Hello everyone. Did the GTO's come with an option for heated front seats? I am thinking about purchasing one for a daily driver to replace my eldorado. I live in Michigan and will say i like the heated seats for those cold michigan mornings. I had looked at a 2004 GTO and it did not have them. So i was just wondering if it was even offered as an option or not. (This is def not a deciding factor in the purchase, but i was just curious)

Thanks.


----------



## fergyflyer (Apr 18, 2005)

There wasn't a heated seat option in the GTO. 

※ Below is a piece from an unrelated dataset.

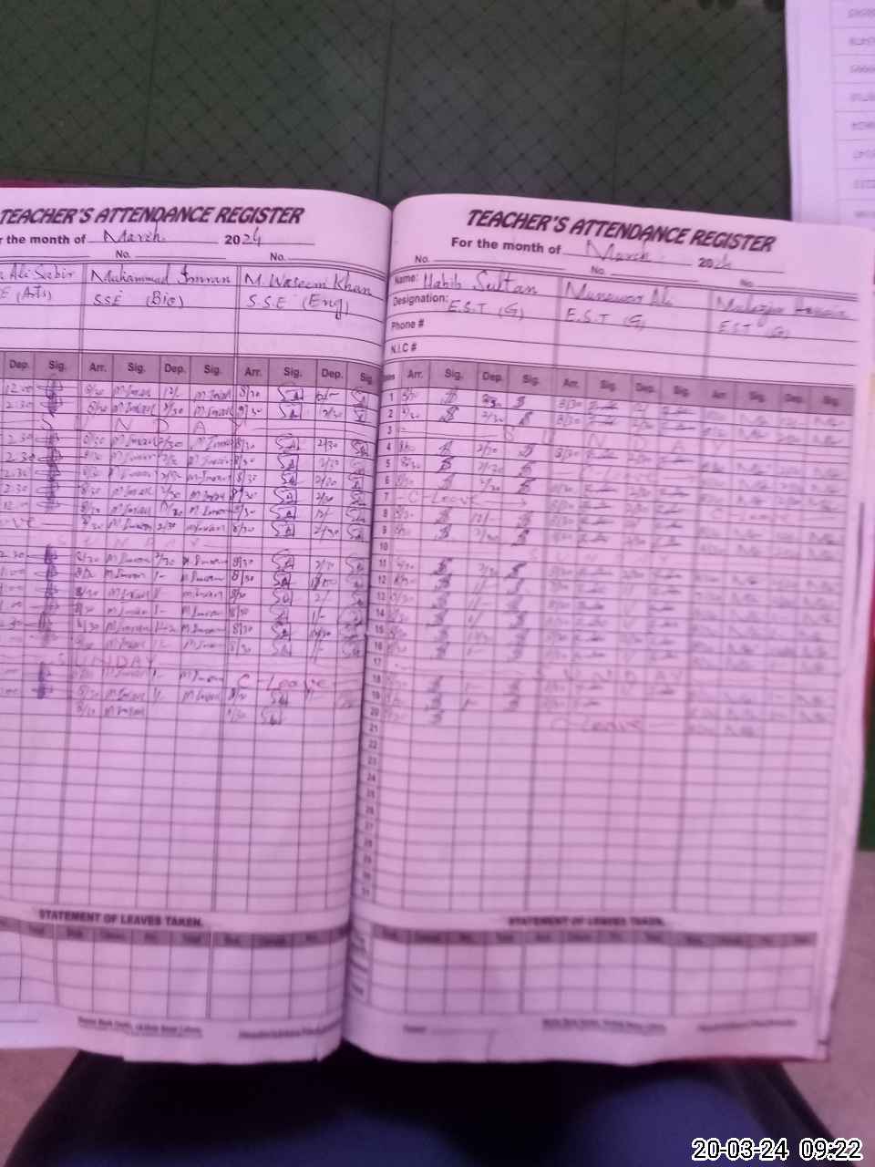 | CNIC | Full Name | Designation | R/C | Absence During Last Calender Month |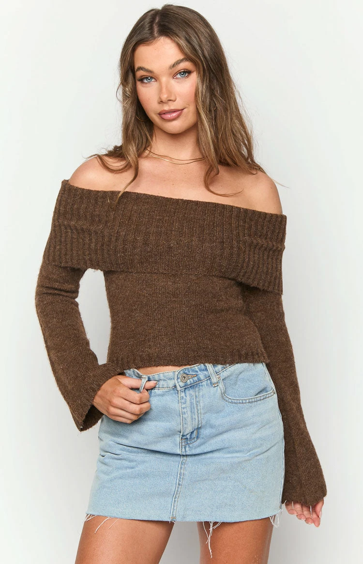 It’s cute, it’s cosy, and the Joey Brown Off Shoulder Sweater is bound to be a wardrobe fave! Dress it up with a mini skirt and some slingback heels for a fancy dinner or drinks with friends.

I did have heated seats in mine though. Unfortunately that was from the summertime Florida sun. Every time you go to sit on black leather seats here, it's HOT! HOT! HOT! HOT! HOT! HOT!


----------



## NJG8GT (Nov 14, 2007)

*You can always add em*

Here is a link to pfyc.com. you can get a kit to make your seats heated. Clink on link below:


http://www.pfyc.com/c/GT/2004-2006+Pontiac+GTO+Accessories+Store.html


----------



## cwbimp (Nov 8, 2006)

sure you can put the aftermarket seat warmers in your car then it will burn though the seat I have just come to the conclusion that the gto is from down under it does nt have a lot of options a new gm cars have on them onstar,xm,nav,heated seats, rear cup holders, sunroof, just to name a few


----------



## NJG8GT (Nov 14, 2007)

*Heated Seats*

Then put them in your mother-in-laws car!


----------



## NotFastEnough (Mar 9, 2006)

thanks for the replies


----------